━━ Provided information

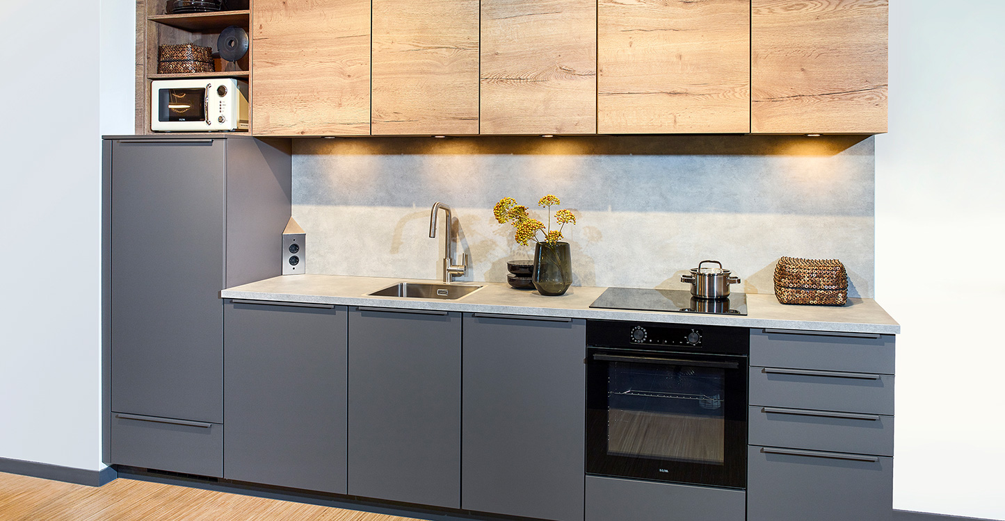 Deze compacte keuken biedt ondanks zijn grootte alle voorzieningen die je nodig hebt. De combinatie van matte grijze onderkasten en warme houten bovenkasten zorgt voor een moderne en stijlvolle uitstraling. Een keuken die zowel functioneel is als stijlvol.
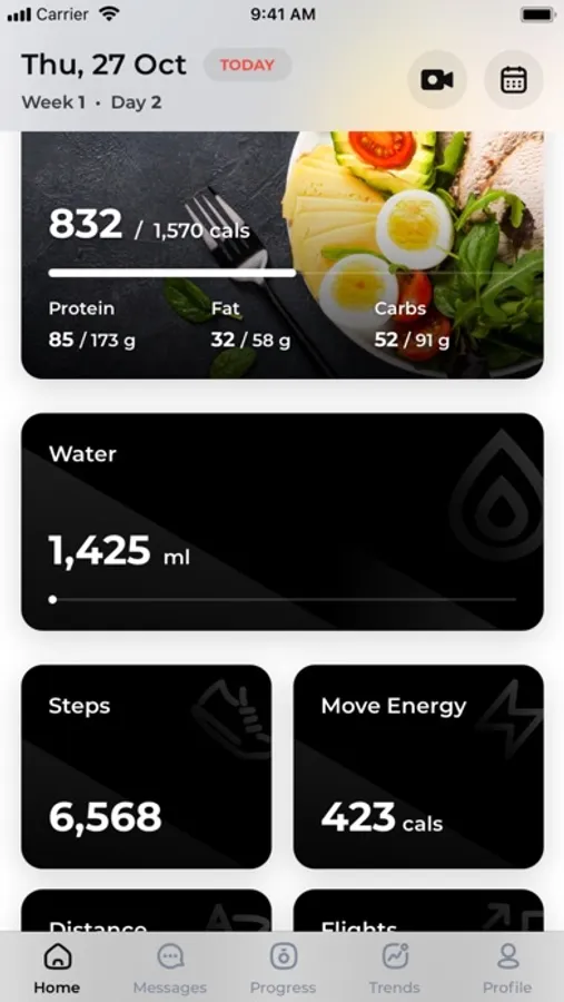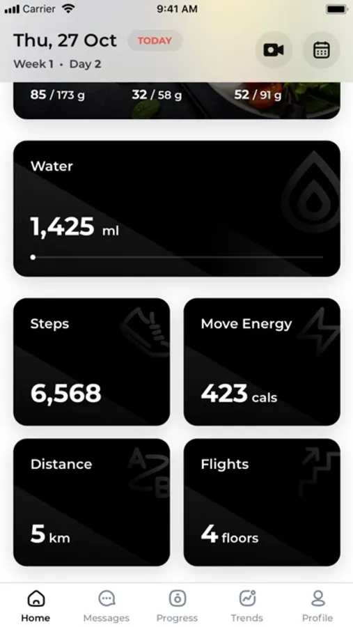 The app integrates with Apple Health to show your daily activity - distance, steps, active energy, and flights to help you better achieve your goals.
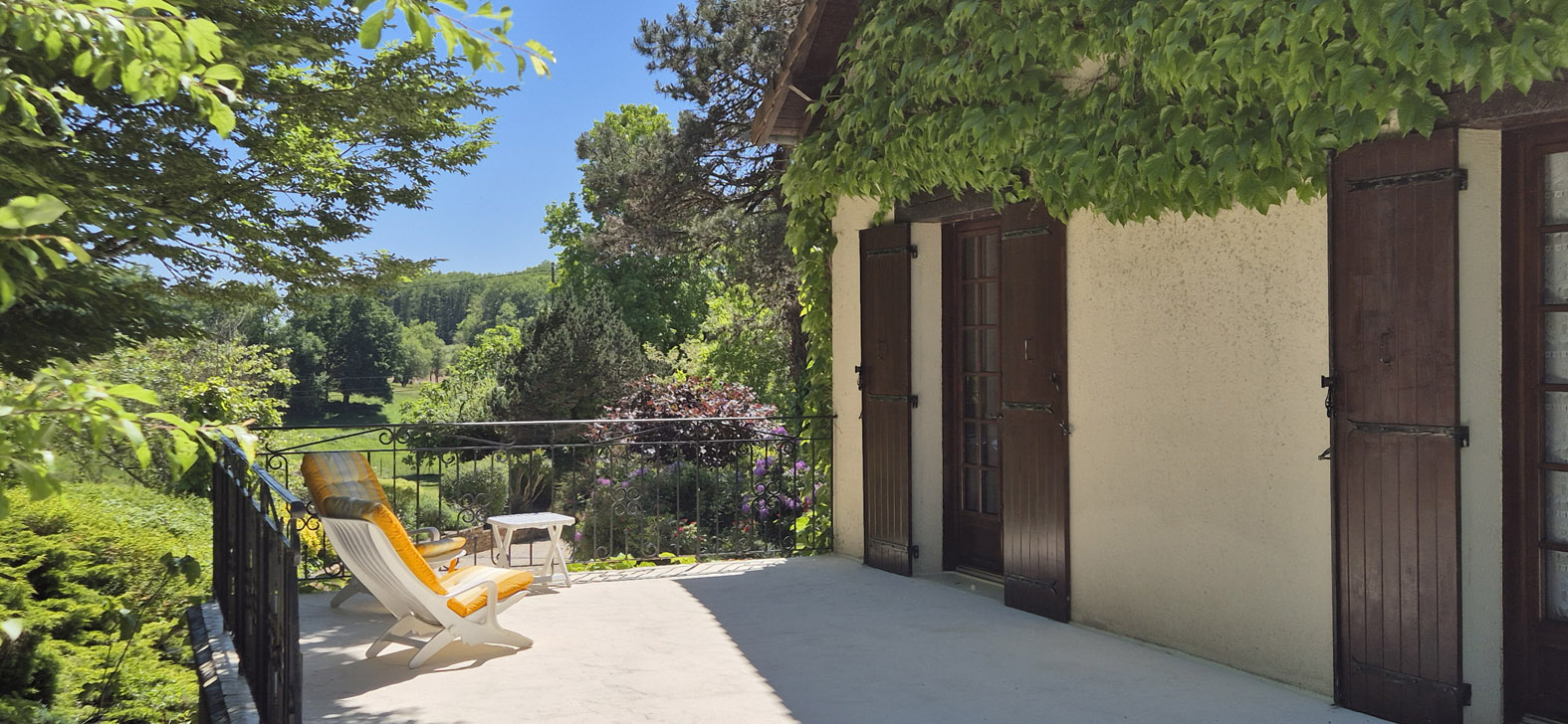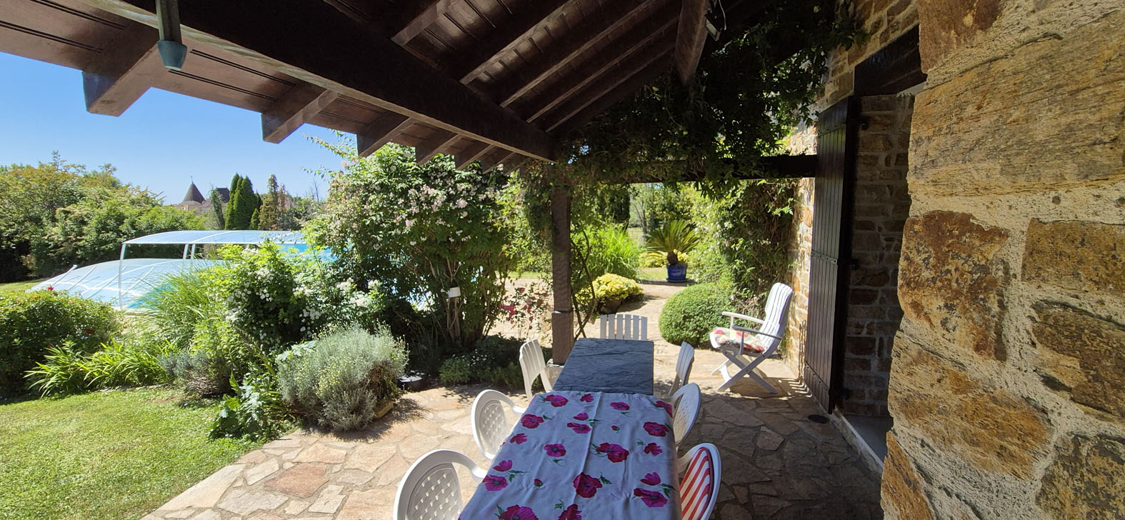 • salle de séjour de 6 x 8,2 avec cheminée en pierre, baie vitrée donnant sur une premièr terrasse couverte de 2,5 x 4,5 m avec barbecue et 2 double porte/fenêtres donnant sur une deuxième terrasse couverte de 3 x 7 m
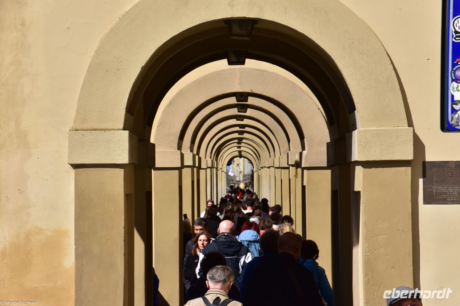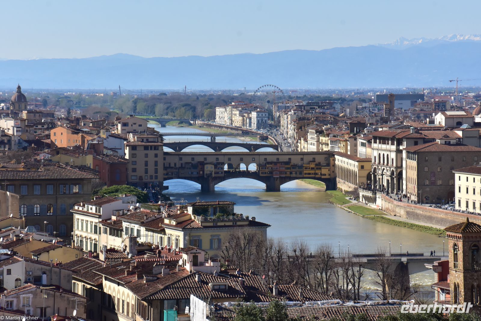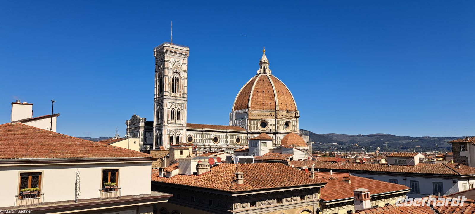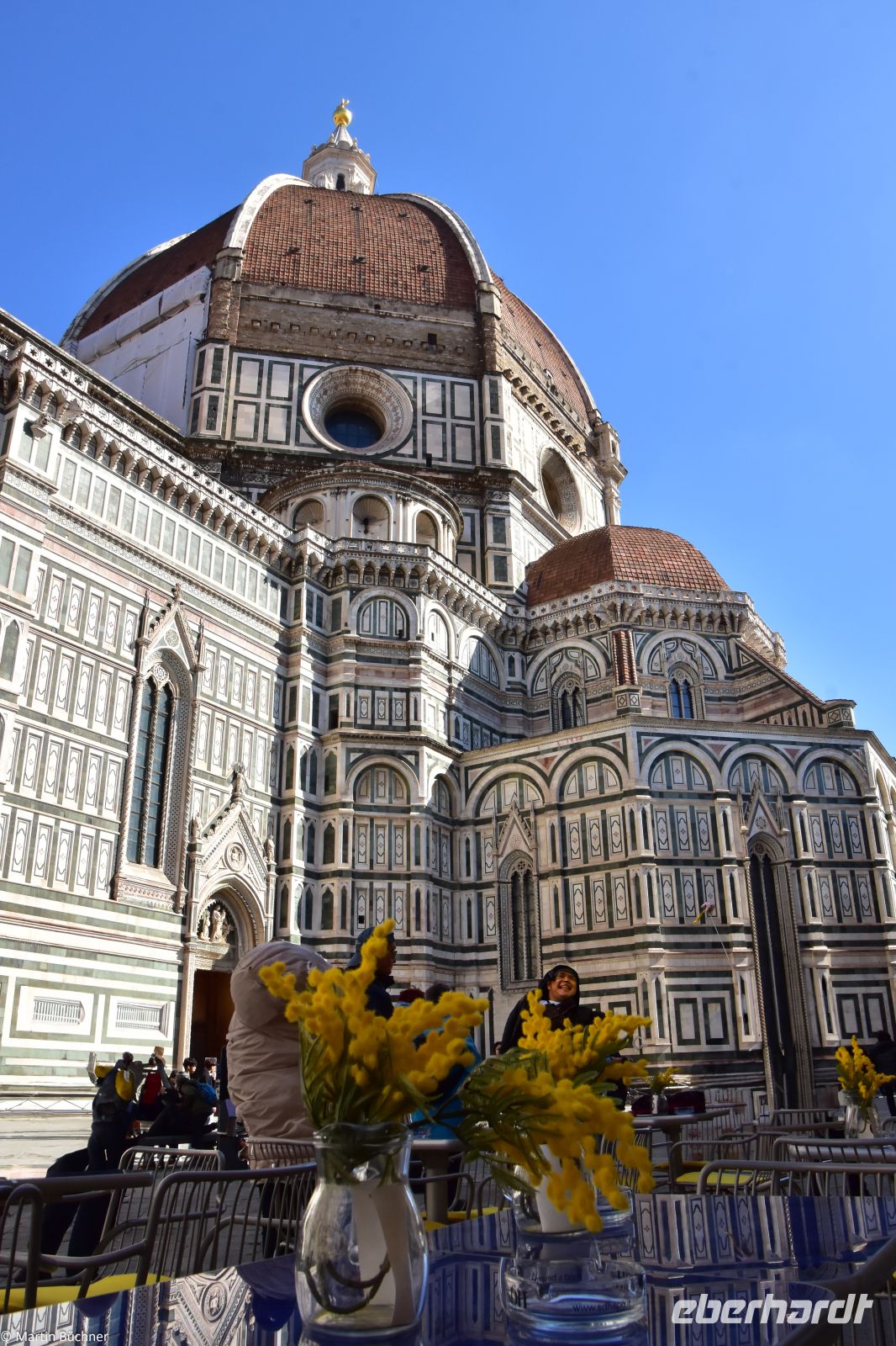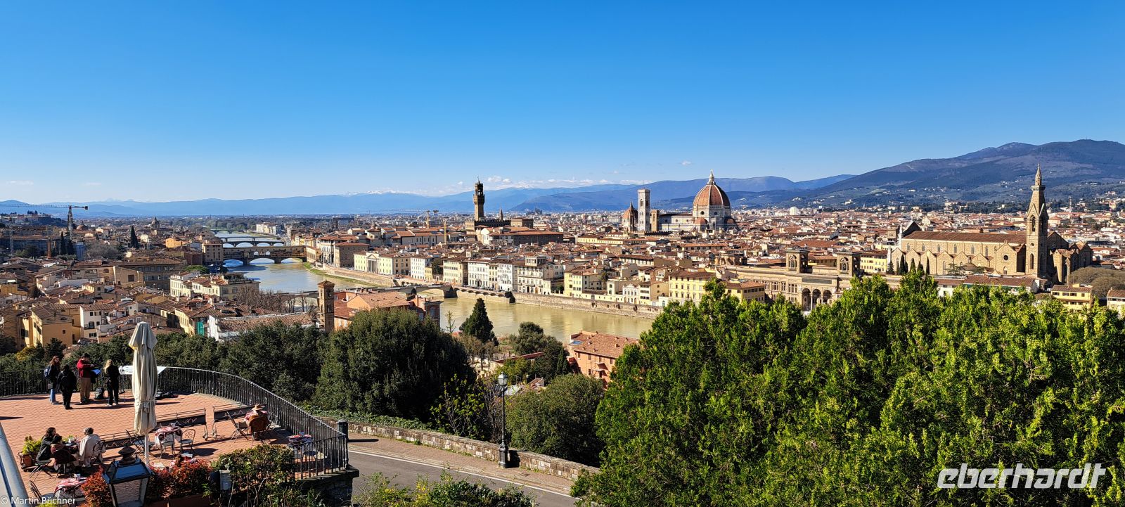 Florenz, die Hauptstadt der Renaissance und der Medici. Der beeindruckende Dom mit seinem Campanile und dem Baptisterium, dem Rathausplatz mit dem Rathausturm, der Ponte Vecchio über den Fluss Arno, das weltberühmte Kunstmuseum: Die Uffizien; die Basilika Santa Croche, Hauptsitz des Franziskanerordens. Und vieles andere mehr erwarten uns im wunderschönen Florenz. Eine Pause gönnen wir uns bei einem Kaffee auf der Dachterrasse eines Kaufhauses mit Blick auf den Dom. Mittagsimbiss erfolgt auf der Piazza di Michelangelo hoch über dem Fluss Arno mit Blick auf Florenz.
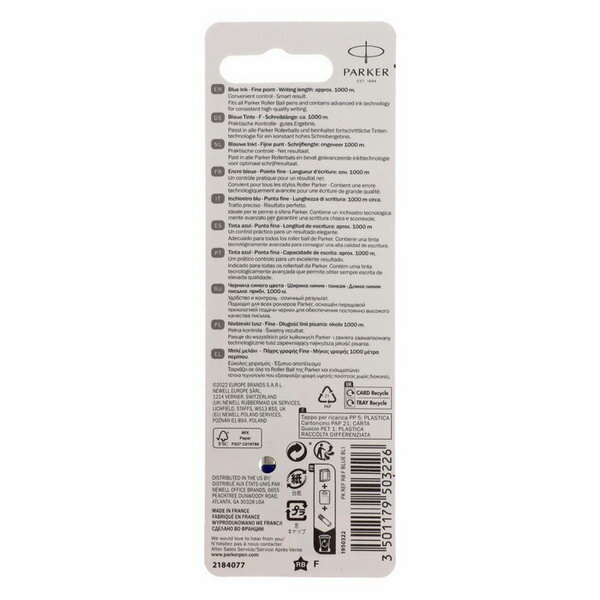 Стержень роллер Parker Quink RB Z01 (CW1950324) M 0.7мм синие чернила блистер

━━━━

(Exercise description) Find the line that contains "The app integrates". Copy it and every line after it through the end of the listing exactly, but not the pictures.

(Your response)
 The app integrates with Apple Health to show your daily activity - distance, steps, active energy, and flights to help you better achieve your goals.
 • salle de séjour de 6 x 8,2 avec cheminée en pierre, baie vitrée donnant sur une premièr terrasse couverte de 2,5 x 4,5 m avec barbecue et 2 double porte/fenêtres donnant sur une deuxième terrasse couverte de 3 x 7 m
 Florenz, die Hauptstadt der Renaissance und der Medici. Der beeindruckende Dom mit seinem Campanile und dem Baptisterium, dem Rathausplatz mit dem Rathausturm, der Ponte Vecchio über den Fluss Arno, das weltberühmte Kunstmuseum: Die Uffizien; die Basilika Santa Croche, Hauptsitz des Franziskanerordens. Und vieles andere mehr erwarten uns im wunderschönen Florenz. Eine Pause gönnen wir uns bei einem Kaffee auf der Dachterrasse eines Kaufhauses mit Blick auf den Dom. Mittagsimbiss erfolgt auf der Piazza di Michelangelo hoch über dem Fluss Arno mit Blick auf Florenz.
 Стержень роллер Parker Quink RB Z01 (CW1950324) M 0.7мм синие чернила блистер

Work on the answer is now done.